- WHAT YOU HAVE TO DO -
Could the lines from the start of the data through the line with "O2 - Owner's" be set down exactly, with no pictures among them?

- EXCERPTED RECORDS -
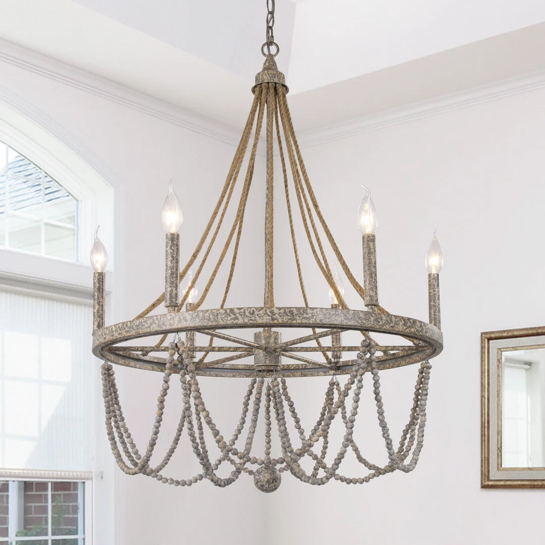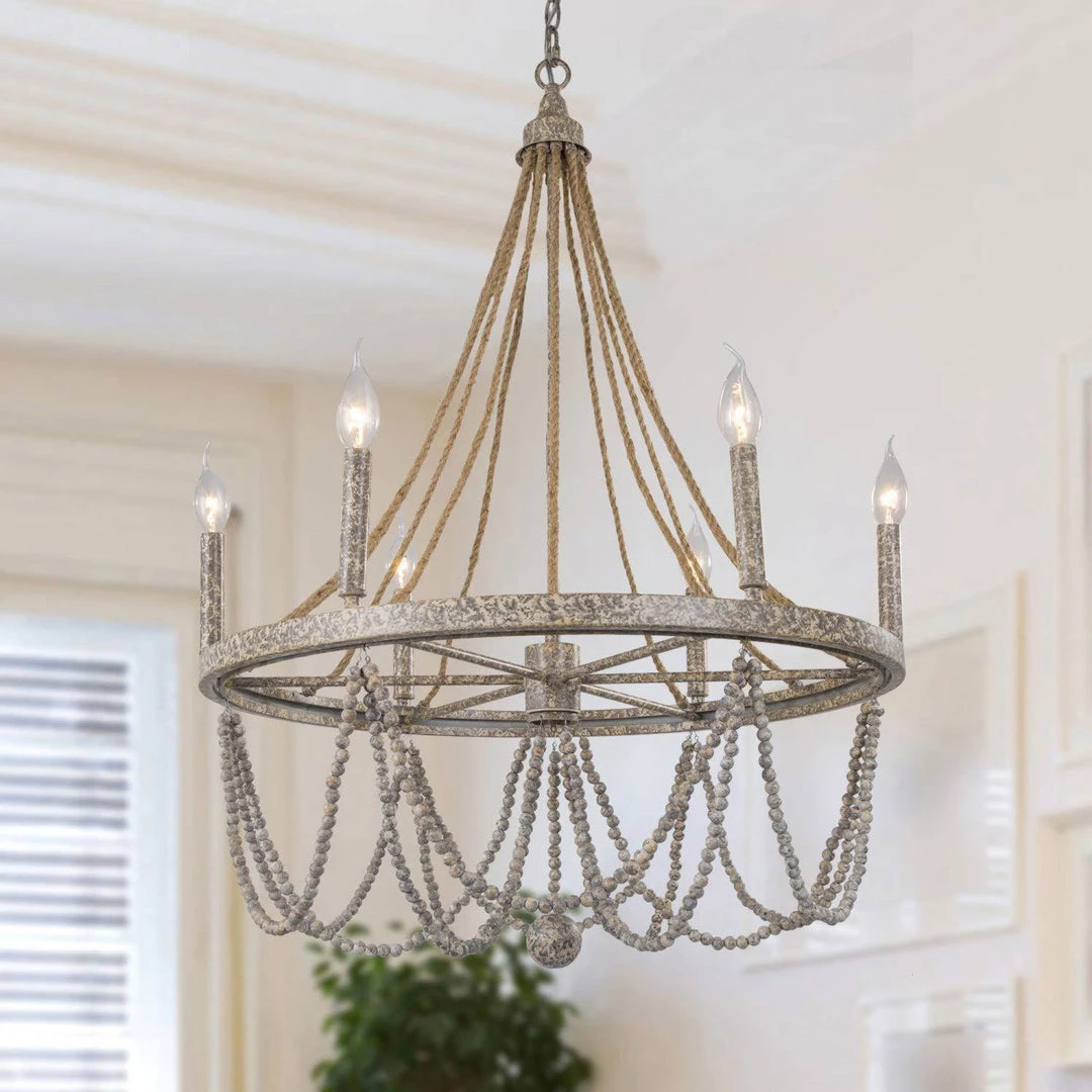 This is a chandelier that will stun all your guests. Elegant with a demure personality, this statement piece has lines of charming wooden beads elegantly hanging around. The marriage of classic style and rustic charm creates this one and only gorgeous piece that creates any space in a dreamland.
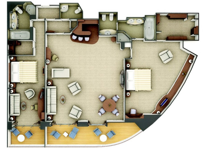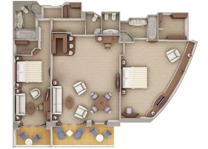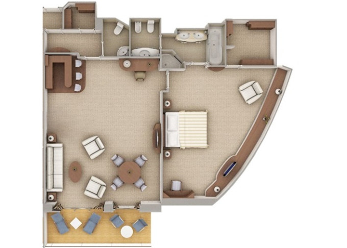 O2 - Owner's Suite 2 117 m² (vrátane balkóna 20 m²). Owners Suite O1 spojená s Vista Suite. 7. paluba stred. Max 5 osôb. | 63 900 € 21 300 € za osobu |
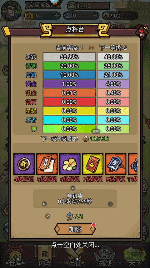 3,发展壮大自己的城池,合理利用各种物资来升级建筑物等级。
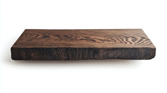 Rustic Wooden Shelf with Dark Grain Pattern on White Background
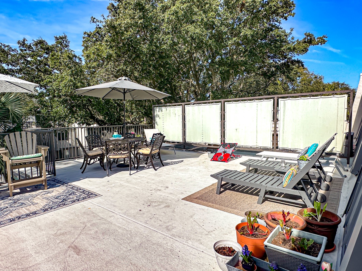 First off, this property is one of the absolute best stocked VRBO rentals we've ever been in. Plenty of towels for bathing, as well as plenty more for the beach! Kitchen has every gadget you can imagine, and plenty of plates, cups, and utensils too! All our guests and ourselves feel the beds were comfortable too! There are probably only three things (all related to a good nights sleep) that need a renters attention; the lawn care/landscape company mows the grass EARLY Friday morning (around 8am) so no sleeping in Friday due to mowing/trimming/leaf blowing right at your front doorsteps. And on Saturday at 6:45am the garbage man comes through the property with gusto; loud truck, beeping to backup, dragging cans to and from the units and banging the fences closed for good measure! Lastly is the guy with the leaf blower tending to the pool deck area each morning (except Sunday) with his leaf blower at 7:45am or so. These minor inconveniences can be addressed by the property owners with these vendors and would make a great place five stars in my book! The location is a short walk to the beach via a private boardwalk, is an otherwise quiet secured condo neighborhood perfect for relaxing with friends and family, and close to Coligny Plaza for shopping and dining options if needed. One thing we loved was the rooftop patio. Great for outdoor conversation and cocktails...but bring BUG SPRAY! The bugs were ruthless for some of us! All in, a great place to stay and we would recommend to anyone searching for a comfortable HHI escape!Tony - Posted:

- RESPONSE FOR THIS EXERCISE -
 This is a chandelier that will stun all your guests. Elegant with a demure personality, this statement piece has lines of charming wooden beads elegantly hanging around. The marriage of classic style and rustic charm creates this one and only gorgeous piece that creates any space in a dreamland.
 O2 - Owner's Suite 2 117 m² (vrátane balkóna 20 m²). Owners Suite O1 spojená s Vista Suite. 7. paluba stred. Max 5 osôb. | 63 900 € 21 300 € za osobu |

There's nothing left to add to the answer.